A Quick Review for Netflix movie app
It’s possible to use VPNs and tunnel your way through to a stateside IP address, but this usually results in slow, low-bandwidth streams, and it also affects all your internet traffic.
UnoDNS is a clever paid service which uses DNS to spoof your location. But the clever part is that it only diverts the packets needed to make Netflix believe you’re a local customer.
All the heavy lifting – the actual movies streams and so on – come over your regular pipes. So if you have a fast 100MB fiber-to-the-bedroom connection like me, then you’re golden. Shiny, sparkly golden, to be precise.
So here's what you will need:
- A U.S iTunes store account (Free)
- A Netflix account ($8/month)
- A valid credit card
- An UnoDNS account (From $5/month).
DNS is the internet’s phone book. When you type www.redsn0w.us into your browser, a DNS server (usually at your ISP) will translate that URL into the actual hard numbers that point to our site. UnoDNS replaces your ISP’s server with its own, allowing it to redirect some packets. The key is that it only redirects the packets needed to get your Netflix (or another streaming service) and routes all the rest through Google’s DNS servers.To use the service, it’s best to follow the device-specific instructions on the site. There is an eight-day trial available so you can see if you like it, and you can combine this with a Netflix trial to test everything out.
UnoDNS needs some configuration to be done on setup (mostly telling the service what your home router’s IP address is), but after that you need to do just one thing: change the DNS server on your device. You can do this for individual devices, or for your whole home by changing the DNS server used by your router.
I have a TextExpander snippet containing the UnoDNS’ DNS server address, so I can quickly add it in whenever I need it. To swap back to my ISP’s server, I just delete the number and my ISP’s numbers are automatically repopulated.

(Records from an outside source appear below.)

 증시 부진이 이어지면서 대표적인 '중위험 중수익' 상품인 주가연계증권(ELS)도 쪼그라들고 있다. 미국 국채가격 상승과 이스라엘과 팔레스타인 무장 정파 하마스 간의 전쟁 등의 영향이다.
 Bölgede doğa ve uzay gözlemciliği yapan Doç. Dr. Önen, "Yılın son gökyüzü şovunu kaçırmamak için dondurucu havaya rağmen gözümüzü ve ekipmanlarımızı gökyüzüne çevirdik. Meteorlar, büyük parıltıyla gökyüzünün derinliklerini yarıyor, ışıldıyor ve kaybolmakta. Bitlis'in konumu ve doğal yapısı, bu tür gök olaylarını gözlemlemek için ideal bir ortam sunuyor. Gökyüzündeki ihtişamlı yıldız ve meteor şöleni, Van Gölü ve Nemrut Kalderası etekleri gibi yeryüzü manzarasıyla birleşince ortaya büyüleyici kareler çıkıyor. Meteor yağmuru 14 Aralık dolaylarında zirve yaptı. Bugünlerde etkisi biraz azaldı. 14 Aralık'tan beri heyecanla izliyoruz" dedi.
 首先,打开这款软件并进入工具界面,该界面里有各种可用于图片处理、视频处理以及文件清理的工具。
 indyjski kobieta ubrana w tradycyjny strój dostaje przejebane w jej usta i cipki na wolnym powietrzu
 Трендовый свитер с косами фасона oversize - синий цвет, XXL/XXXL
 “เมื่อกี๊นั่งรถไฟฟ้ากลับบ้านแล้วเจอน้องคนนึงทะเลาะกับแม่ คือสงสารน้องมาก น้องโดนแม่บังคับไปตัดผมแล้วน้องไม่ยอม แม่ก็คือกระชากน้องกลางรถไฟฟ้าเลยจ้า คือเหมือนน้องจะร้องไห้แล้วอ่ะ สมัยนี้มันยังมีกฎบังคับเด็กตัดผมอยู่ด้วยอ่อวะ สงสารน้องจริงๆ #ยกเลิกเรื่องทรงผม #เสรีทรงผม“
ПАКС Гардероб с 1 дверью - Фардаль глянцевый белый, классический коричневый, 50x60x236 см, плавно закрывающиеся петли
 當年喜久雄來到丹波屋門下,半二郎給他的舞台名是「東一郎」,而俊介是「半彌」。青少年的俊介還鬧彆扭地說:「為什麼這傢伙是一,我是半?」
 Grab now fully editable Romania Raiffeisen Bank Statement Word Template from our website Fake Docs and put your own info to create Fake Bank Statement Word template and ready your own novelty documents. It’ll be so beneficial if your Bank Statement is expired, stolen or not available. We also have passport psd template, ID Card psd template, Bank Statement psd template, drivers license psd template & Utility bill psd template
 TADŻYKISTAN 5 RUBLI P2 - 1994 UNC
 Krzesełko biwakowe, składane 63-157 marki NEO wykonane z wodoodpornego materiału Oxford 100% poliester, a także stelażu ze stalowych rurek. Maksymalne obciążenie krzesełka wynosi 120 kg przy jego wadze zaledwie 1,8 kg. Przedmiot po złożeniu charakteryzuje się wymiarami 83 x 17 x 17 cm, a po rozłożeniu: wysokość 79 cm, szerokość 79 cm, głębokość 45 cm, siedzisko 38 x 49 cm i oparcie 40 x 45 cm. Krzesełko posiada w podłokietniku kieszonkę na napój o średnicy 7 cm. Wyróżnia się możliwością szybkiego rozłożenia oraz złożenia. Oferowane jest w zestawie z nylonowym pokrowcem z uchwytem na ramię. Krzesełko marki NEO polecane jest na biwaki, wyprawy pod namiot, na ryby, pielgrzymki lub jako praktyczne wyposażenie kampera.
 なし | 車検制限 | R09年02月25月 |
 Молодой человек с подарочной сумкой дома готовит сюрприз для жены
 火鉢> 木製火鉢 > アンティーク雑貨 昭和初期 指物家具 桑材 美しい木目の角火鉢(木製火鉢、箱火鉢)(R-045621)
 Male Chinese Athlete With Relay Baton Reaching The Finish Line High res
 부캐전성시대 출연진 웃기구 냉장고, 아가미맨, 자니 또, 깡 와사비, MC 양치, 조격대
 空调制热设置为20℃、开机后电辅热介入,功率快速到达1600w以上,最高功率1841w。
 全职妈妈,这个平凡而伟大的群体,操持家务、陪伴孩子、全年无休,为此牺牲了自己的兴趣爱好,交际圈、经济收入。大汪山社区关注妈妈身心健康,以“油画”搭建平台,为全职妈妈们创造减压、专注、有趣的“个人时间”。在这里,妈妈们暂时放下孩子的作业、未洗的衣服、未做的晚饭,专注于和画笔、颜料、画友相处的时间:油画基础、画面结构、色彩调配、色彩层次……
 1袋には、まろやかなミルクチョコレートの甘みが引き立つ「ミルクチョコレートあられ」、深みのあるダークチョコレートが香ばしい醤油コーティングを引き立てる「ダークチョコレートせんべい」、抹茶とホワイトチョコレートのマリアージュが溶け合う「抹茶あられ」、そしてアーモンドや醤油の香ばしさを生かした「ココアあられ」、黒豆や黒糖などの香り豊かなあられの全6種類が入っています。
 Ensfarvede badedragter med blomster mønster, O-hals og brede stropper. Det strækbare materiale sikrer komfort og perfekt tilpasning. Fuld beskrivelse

Why? Security. I have no reason whatsoever to think that Uno is doing anything but provide a great service. But I’m paranoid. And I’m also speed-hungry – Uno’s nearest DNS server is in Italy, but my ISP’s nearest server is presumably in Barcelona (where I live) or at least in Spain. In the world of millisecond pings, that distance can make a difference. So I only use Uno’s DNS when I’m actually watching things. It takes just a second to switch over.